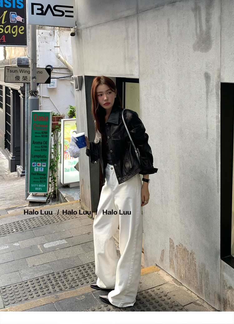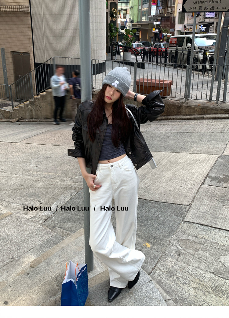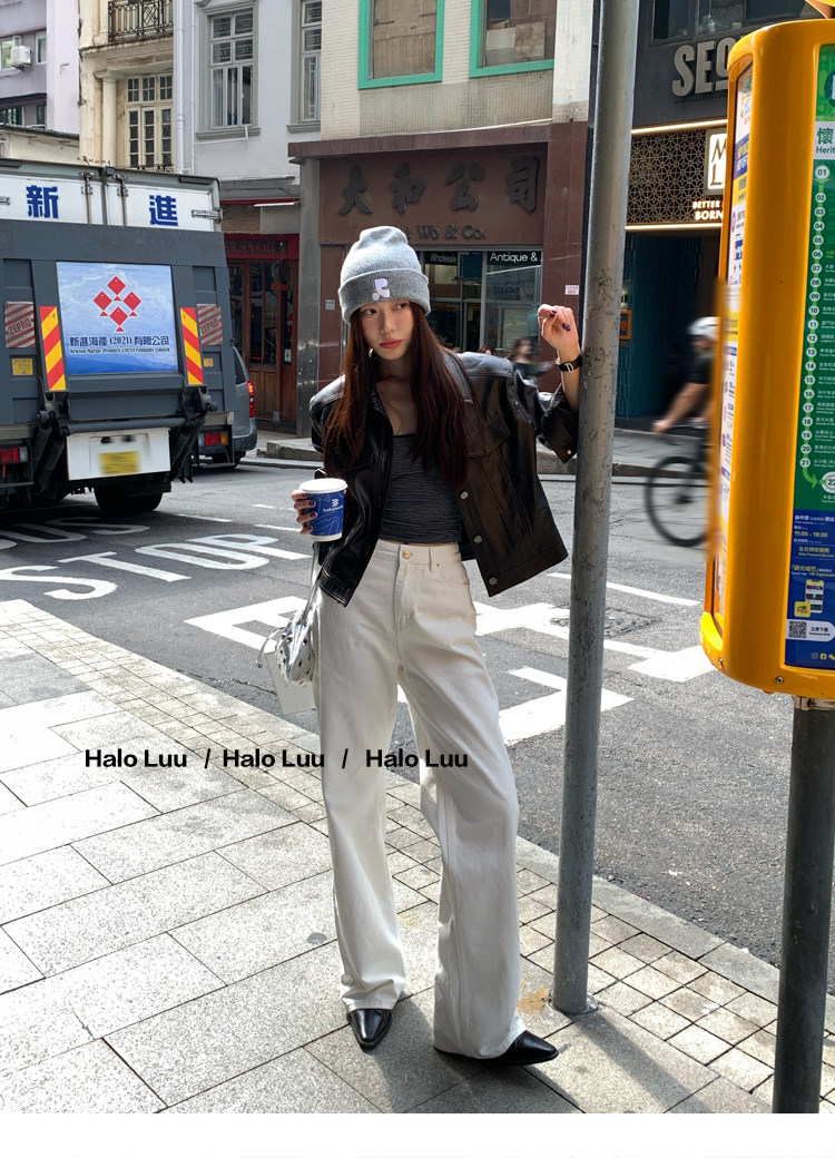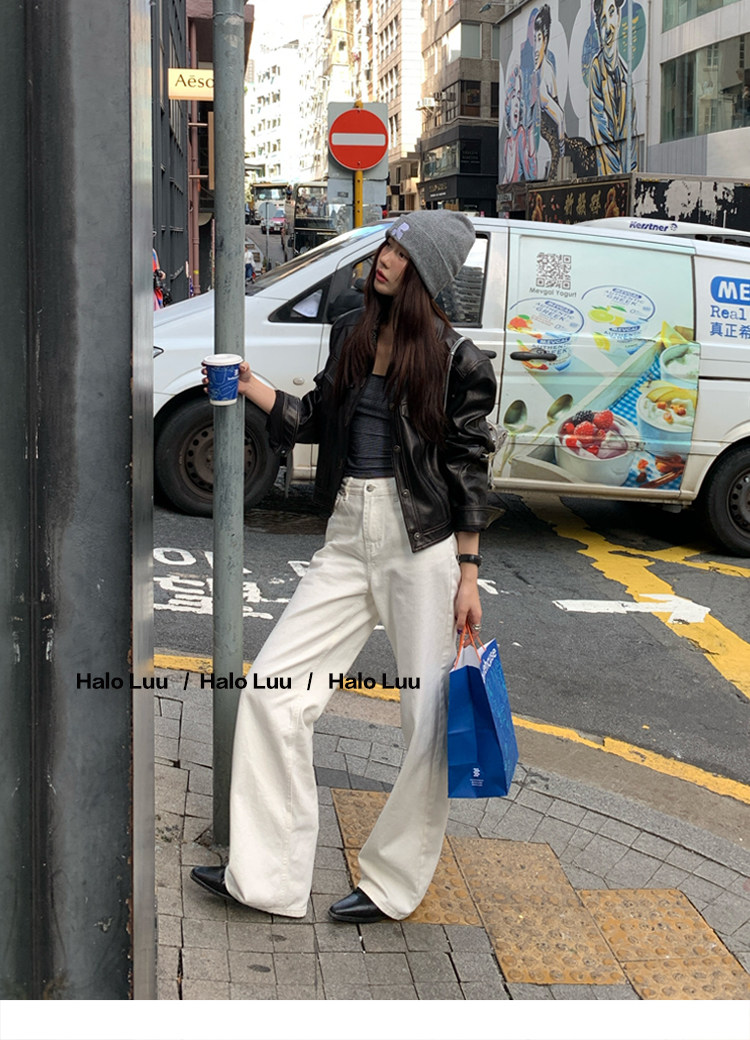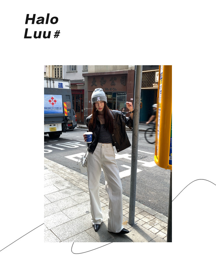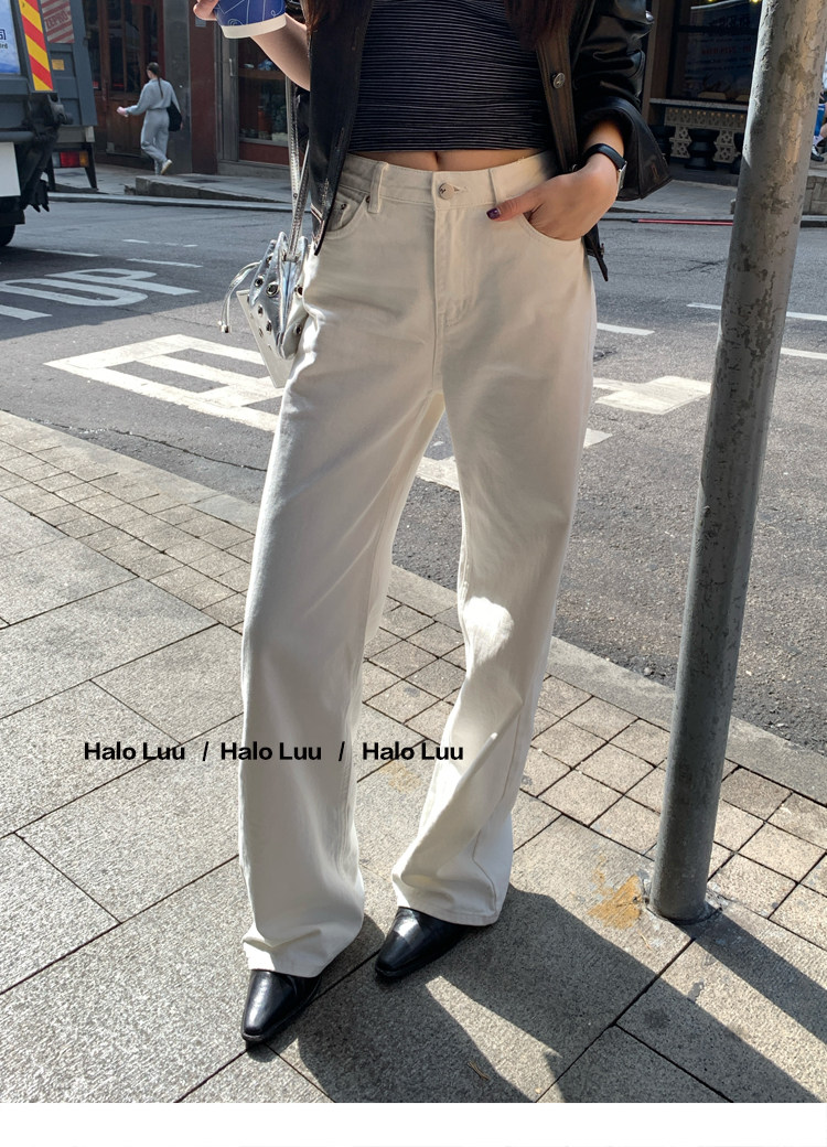 Halo Luu White Straight-Leg Jeans for Women, Spring 2026 New Casual Pants, Slim-Fit Narrow Version, Floor-Length Wide-Leg Pants
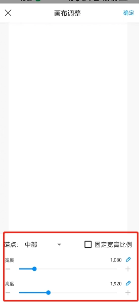 2、点击进入【画布调整】菜单,在此即可对当前画布执行放大或裁剪操作。您既可以通过拖动宽和高上的点来改变大小,也能点击右侧的小笔图标,直接输入期望的尺寸。右侧还设有固定宽高比例的工具,十分便捷,具体如图所示:
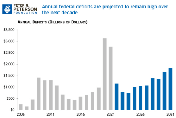 The real cause of inflation is that consumer demand is growing faster than usual while supplies are less than normal. Why is this happening? It is largely because of actions taken by Congress during the past two years of the pandemic. In fiscal years 2020 and 2021, deficit spending totaled about $3 trillion each year (see chart). Much of this spending went to individuals in the form of direct payments into their bank accounts. Unemployed workers also received an extra federal unemployment stipend of $300 per week which served as an additional disincentive to return to work. Furthermore, a more generous child allowance also created a disincentive to work.
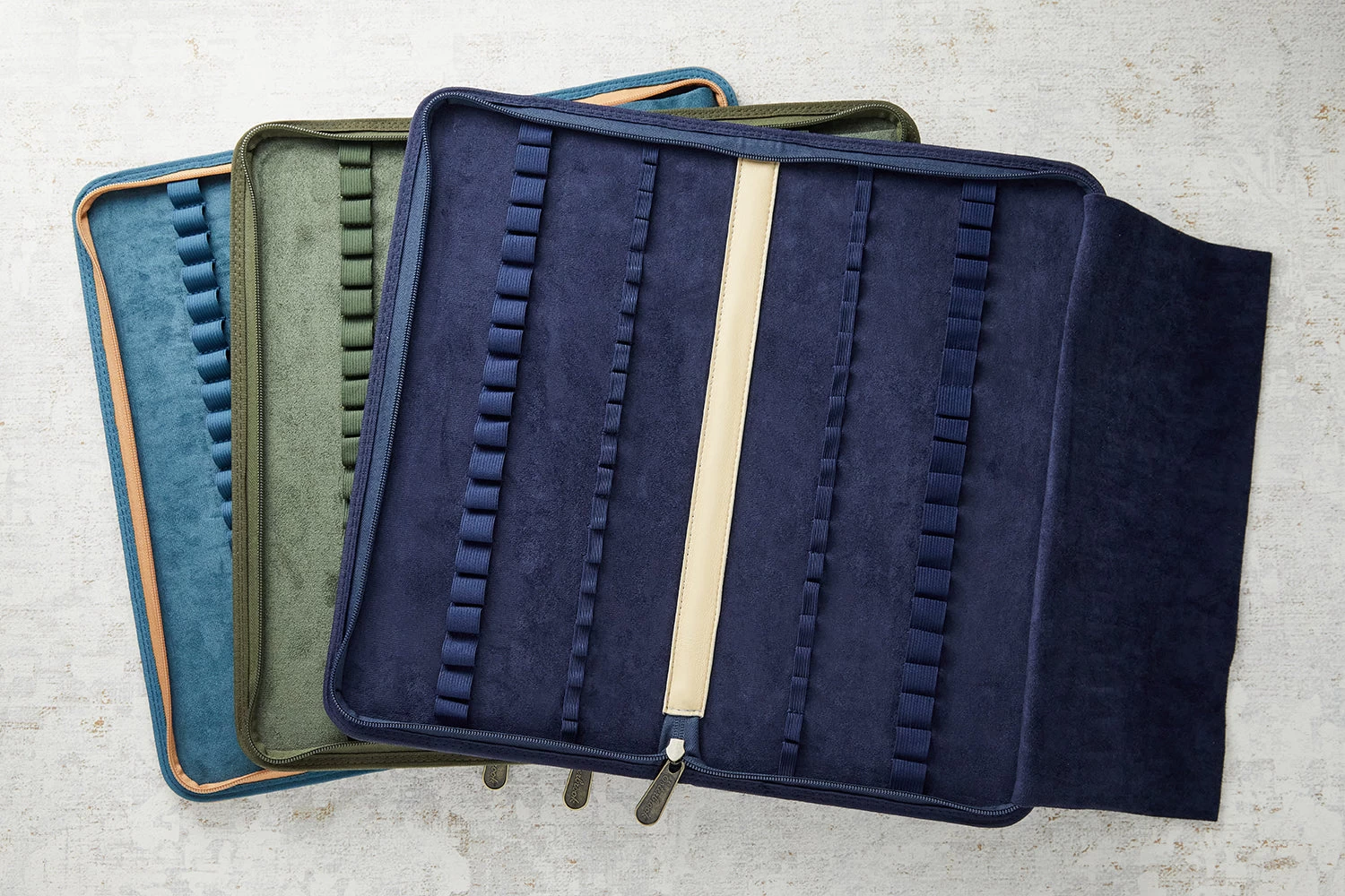 Introducing the Esterbrook pen case collection, a must-have for dedicated collectors who are always on the move. Crafted with meticulous attention to detail, these canvas cases come in two sizes, accommodating 20 or 40 pens.

● **PROBLEM REQUIREMENTS**:
This task calls for the lines from the line holding "2、点击进入【画布调整】菜单" through the last line above, restated word for word with both ends included and the pictures dropped.

● **REPLY**:
 2、点击进入【画布调整】菜单,在此即可对当前画布执行放大或裁剪操作。您既可以通过拖动宽和高上的点来改变大小,也能点击右侧的小笔图标,直接输入期望的尺寸。右侧还设有固定宽高比例的工具,十分便捷,具体如图所示:
 The real cause of inflation is that consumer demand is growing faster than usual while supplies are less than normal. Why is this happening? It is largely because of actions taken by Congress during the past two years of the pandemic. In fiscal years 2020 and 2021, deficit spending totaled about $3 trillion each year (see chart). Much of this spending went to individuals in the form of direct payments into their bank accounts. Unemployed workers also received an extra federal unemployment stipend of $300 per week which served as an additional disincentive to return to work. Furthermore, a more generous child allowance also created a disincentive to work.
 Introducing the Esterbrook pen case collection, a must-have for dedicated collectors who are always on the move. Crafted with meticulous attention to detail, these canvas cases come in two sizes, accommodating 20 or 40 pens.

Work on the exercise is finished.